Extracorporeal Shock-Wave Lithotripsy (ESWL). Prosedur
noninvasif ini menggunakan gelombang kejut berulang (repeated shock
waves) yang diarahkan pada batu empedu di dalam kandung empedu
atau duktus koledokus dengan maksud untuk memecah batu tersebut
menjadi sejumlah fragmen.
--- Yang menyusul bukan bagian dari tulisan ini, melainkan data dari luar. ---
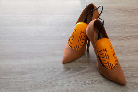 Pair of beautiful high heel shoes with modern electric footwear dryer on wooden background. Space for text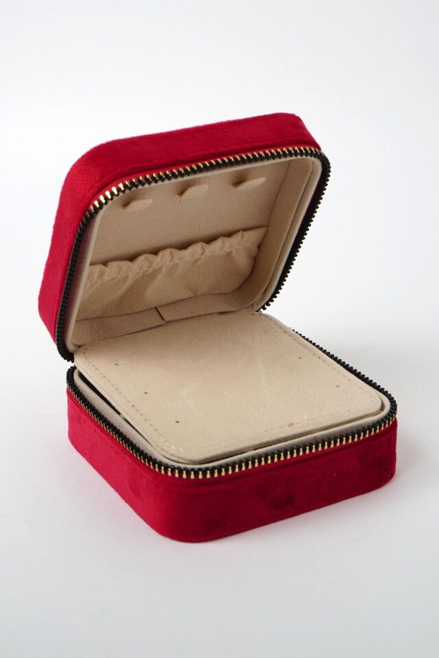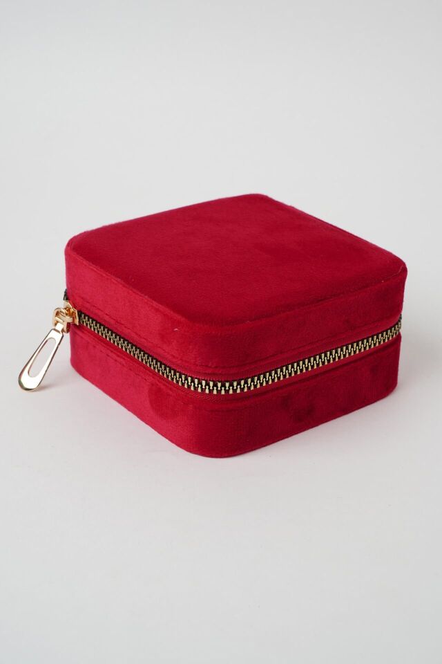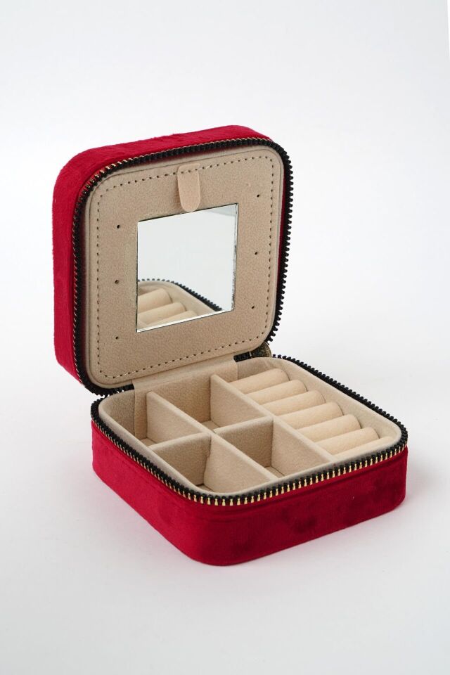 Neesa Aynalı Kadife Takı Çantası 10x10x5cmGri Kırmızı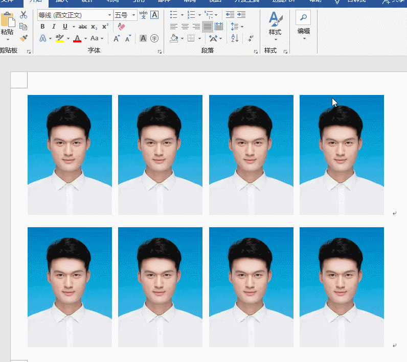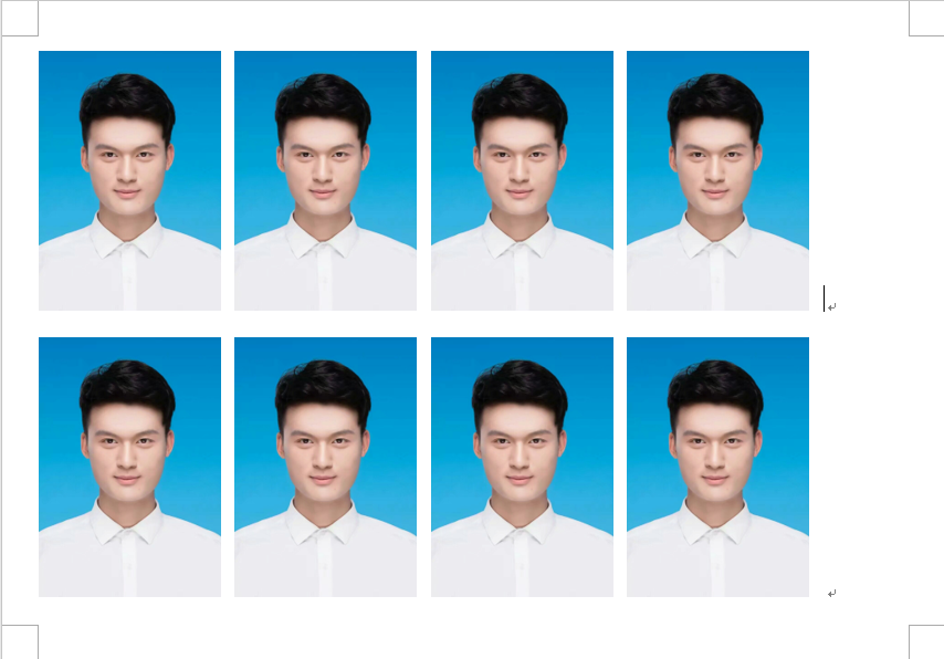 3.第一张证照修改完成之后,然后按1~2个空格,然后复制第一张证件照,依次排列下来,每行4张照片即可,最后用相片纸将其打印出来即可。

Gelombang kejut dihasilkan dalam media
cairan oleh percikan listrik, yaitu piezoelektrik, atau muatan
elektromagnetik. Energi ini disalurkan ke dalam tubuh lewat rendaman
air atau kantong yang berisi cairan. Gelombang kejut yang
dkonvergensikan tersebut dialirkan kepada batu empedu yang akan
dipecah. Setelah batu dipecah secara bertahap, pecahannya akan
bergerak spontan dari kandung empedu atau duktus koledokus dan
dikeluatkan melalui endoscop atau dilarutkan dengan pelarut asam
empedu yang diberikan per oral.
Litotripsi Intracorporeal. Batu yang ada dalam kandung empedu
atau duktus koledokus dapat dipecah dengan menggunakan gelombang
ultrasound, laser berpulsa atau litotripsi hidrolik yang dipasang pada
endoscop, dan diarahkan langsung pada batu. Kemudian fragmen batu
atau debris dikeluarkan dengan cara irigasi dan aspirasi.
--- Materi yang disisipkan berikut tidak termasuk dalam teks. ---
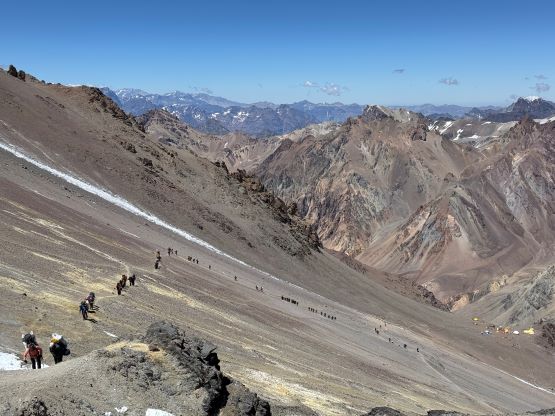 The 7th, and the final day would be spent trekking 25 km back down the Horcones valley route. I was unsure how Erica would do with her black toe nails and massive ass blisters, but again we couldn’t initiate a rescue and there’s no way would we pay 1700 USD for the helicopter ride, so suck it up and be it. There’s more logistics in the morning as Raphael made us to get the mule bags ready by 8:30 am. I didn’t understand the reason but sure, why not embracing the cold for one more time. The packing was downright miserable but the sun eventually came up at 9 am and we could finally warm ourselves up. Raphael promised the mule bags to be down in Los Puquios by 5-6 pm so technically we could have booked the 8 pm bus back to Mendoza, but I didn’t want to put my bid on INKA’s reliability. I was downright correct, as otherwise we would have missed the bus. The bags didn’t arrive until after 9 pm, which was surprisingly not to my surprise. The trekking itself was more enjoyable than on the way in, and I made Erica to lead most of the way. Erica stated multiple times that we should plod slowly but her “slow” was still much faster than most people’s pace. We took a shit ton of breaks to dry her feet but our plodding pace was still much faster than most groups’. We eventually got down to Confluencia where Adam and Jacob was also at, and gave the two packs of ramen for INKA to prepare for. They also provided us fruit salads but didn’t charge us any. About an hour and half later we finally got out and did the final 7 km hike back to the trail-head, completing the round trip C2C moving time in under 24 hours. The driver showed up quickly but as mentioned earlier, we spent a few hours waiting for our bags to arrive. Thankfully nobody had committed to that 8 pm bus as otherwise this would lead to another disaster. We booked another night of stay in Altas Cumbres Penitentes and took the 12 pm bus back to Mendoza on the next day.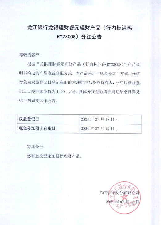 龙江银行龙银理财睿元理财产品(行内标识码RY23008)分红公告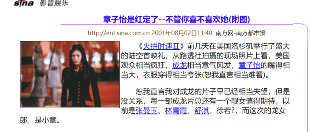 当时《南方周末》还拟了一个《章子怡是红定了——不管你喜不喜欢她》的标题,就记录了社会舆论对她红透半边天的矛盾态度。

2. Penatalaksanaan Pembedahan
a. Koleksistektomi Terbuka
Operasi ini merupakan standar terbaik untuk penanganan pasien
dengan batu empedu simtomatik. Komplikasi yang paling bermakna,
cidera duktus biliaris, terjadi dalam kurang dari 0,2% pasien. Angka
mortalitas yang dilaporkan untuk prosedur ini telah terlihat dalam
penelitian baru-baru ini, yaitu kurang dari 0,5%. Indikasi yang paling
umum untuk kolesistektomi adalah kolik biliaris rekuren, diikuti oleh
kolesistisi akut. Praktik pada saat ini mencakup kolesistektomi segera
dalam pasien dengan kolesistisi akut dalam masa perawatan di rumah
sakit yang sama. Jika tidak ada bukti kemajuan setelah 24 jam
penanganan medis, atau jika ada tanda-tanda penurunan klinis, maka
kolesistektomi darurat harus dipertimbangkan.
b. Mini Kolesistektomi
Merupakan prosedur bedah untuk mengeluarkan kandung empedu
lewat luka insisi selebar 4cm. Jika diperlukan, luka insisi dapat
diperlebar untuk mengeluarkan batu kandung empedu yang berukuran
lebih besar. Drain mungkin dapat atau tidak digunakan pada mini
kolasistektomi. Biaya yang ringan dan waktu rawat yang singkat
merupakan salah satu alasan untuk meneruskan bentuk penanganan ini.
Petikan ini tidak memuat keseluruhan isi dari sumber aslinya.